Ma questo, per chi mi conosce, non è nulla di sconvolgente. La cosa importante è che, per la prima volta, non ho tenuto quanto ho scritto chiuso nelle cartelle del mio Pc ma ho deciso di pubblicarlo .

In questo articolo risponderò ad alcune domande che potrebbero nascere nella vostra mente… sperando di invogliarvi a leggerlo!

Di cosa parla il libro?
Il libro racconta la storia di un uomo qualunque, Nitto Bezzi, che un giorno si sveglia e crede di dover vivere la solita e noiosa routine. Quel che Nitto non sa è che, invece, tutto è cambiato e che la sua vita non sarà mai come quella che è abituato a vivere di solito. Come accade a tutti, anche lui, ad un certo punto, entra a contatto con la dura realtà dei fatti ed è costretto ad intraprendere un viaggio che lo condurrà verso orizzonti sconosciuti, un viaggio verso sè stesso, verso ciò che egli crede essere la felicità. Riuscirà a ritrovarsi, a realizzare l’immagine di sè che tanto desidera? Bhe… non posso dirvelo, rovinerei la sorpresa!

A cosa ti sei ispirato?
Bhe… per prima cosa alla mia vita! Da tempo, infatti, sentivo la necessità di rompere la solita routine, la noiosa quotidianità che non faceva altro che svuotarmi delle mie forze.  Anche io, come Nitto, mi sono trovato a metà fra il “restare così” ed  “andare verso me stesso” e questo libro è la trascrizione di questo combattimento che mi sono trovato a vivere.

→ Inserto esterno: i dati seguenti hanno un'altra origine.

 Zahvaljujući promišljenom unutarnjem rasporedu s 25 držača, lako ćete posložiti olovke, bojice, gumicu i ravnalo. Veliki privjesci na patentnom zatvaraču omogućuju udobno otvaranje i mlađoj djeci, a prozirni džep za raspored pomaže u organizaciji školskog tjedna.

Nitto Bezzi? Che nome buffo!
Si, in effetti lo è! Si tratta di un nome nato dalla storpiatura del cognome di un mio amico. Ai tempi del liceo, infatti, ci divertivamo a storpiare i nomi ed a parlare in maniera “strana”. A me, nello specifico, piaceva sostituire le doppie con la lettera Z. Ecco come  è nato il cognome Bezzi. Nitto, invece, è il diminutivo di Benedetto… nome azzeccato per uno come lui, persona a cui la vita ha fatto un grande regalo…

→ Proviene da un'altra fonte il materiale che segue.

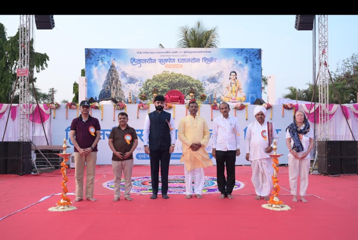 आळंदी..श्री ज्ञानेश्वर महाराज संस्थान कमिटी, आळंदी देवाची, पुणे आणि श्री शिवकृपानंद स्वामी फाउंडेशन गुजरात यांच्या संयुक्त विद्यमाने आळंदी येथे सुरू असलेले तीन दिवसीय हिमालयीन समर्पण ध्यान योग शिबिर (१० ते १२ एप्रिल २०२५) आज दुसऱ्या दिवशी अधिकच भाविकांच्या महासागराने गजबजले. संत ज्ञानेश्वर माऊलींच्या समाधीस्थळाच्या पावन परिसरात, आजही पहाटेपासूनच विविध वयोगटांतील हजारो भक्तांनी मुंबई मराठा फ्रुट वाला धर्मशाळा मैदान परिसरात लागलेली गुरुतत्त्व प्रदर्शनीस भेट देण्यासाठी गर्दी केली होती. संध्याकाळी सूर्यास्त समयी परमपूज्य श्री शिवकृपानंद स्वामीजींच्या प्रवचन आणि ध्यानाच्या कार्यक्रमाचा लाभ सर्वांनी आतुरतेने घेतला. यानिमित्ताने प्रमुख अतिथी म्हणून देहू देवस्थानचे अध्यक्ष ह. भ. प. पुरुषोत्तम म. मोरे, ॲडिशनल डायरेक्टर ऑफ जनरल ऑफ वेस्ट बंगाल पोलीस अजय रानडे अपर आयुक्त -आदिवासी विभाग ठाणे गोपीचंद कदम, श्री ज्ञानेश्वर शिक्षण संस्थेचे सचिव अजित वडगावकर ,तहसीलदार निलेश जाधव ,राणा सूर्यवंशी ,सुसाने वेबनार जर्मनी ई.मान्यवर उपस्थित होते .त्यांचे हस्ते कार्यक्रमाचे दीप प्रज्वलन करण्यात आले.

Hai pubblicato lo stesso racconto su un sito. Come mai?
Questo racconto nasce su un sito chiamato The Incipit. com. Tuttavia il racconto che si trova sul sito è diverso da quello pubblicato, anche se molte  parti sono uguali. Il racconto pubblicato su Amazon è ricco di nuovi contenuti ed è costruito su impalcature simboliche molto più “importanti” di quelle sul quale è costruito il racconto pubblicato sul sito.

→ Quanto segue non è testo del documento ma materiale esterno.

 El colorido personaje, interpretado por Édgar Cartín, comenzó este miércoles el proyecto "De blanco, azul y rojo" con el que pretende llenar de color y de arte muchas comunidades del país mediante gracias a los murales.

La formattazione del testo fa schifo!
Lo so, mi dispiace… ma non dipende da me! Nella conversione del testo nel formato kindle, la formattazione ha subito delle modifiche. Pian piano sto cercando di migliorare la forma… ma non sono abile con questo formato di testo.

Perchè comprare il libro?
Bhe… è un pò come chiedere all’oste se il vino è buono!

Dove lo trovo?
Il libro può essere comprato QUI. E’ necessario avere una carta di credito online o, o comunque, la possibilità di effettuare un pagamento online.

Non ho il Kindle. Come faccio a leggerlo?
Nessun problema, basta scaricare degli appositi programmi! Se si vuole leggere il racconto dal proprio Pc, basta collegarsi a Questo sito e seguire la procedura indicata. Se si vuol leggere il racconto da tablet o telefono, basta scaricare l’apposita app per ITunes o Google Play. Se si possiede un Pc Mac, il link da seguire è Questo.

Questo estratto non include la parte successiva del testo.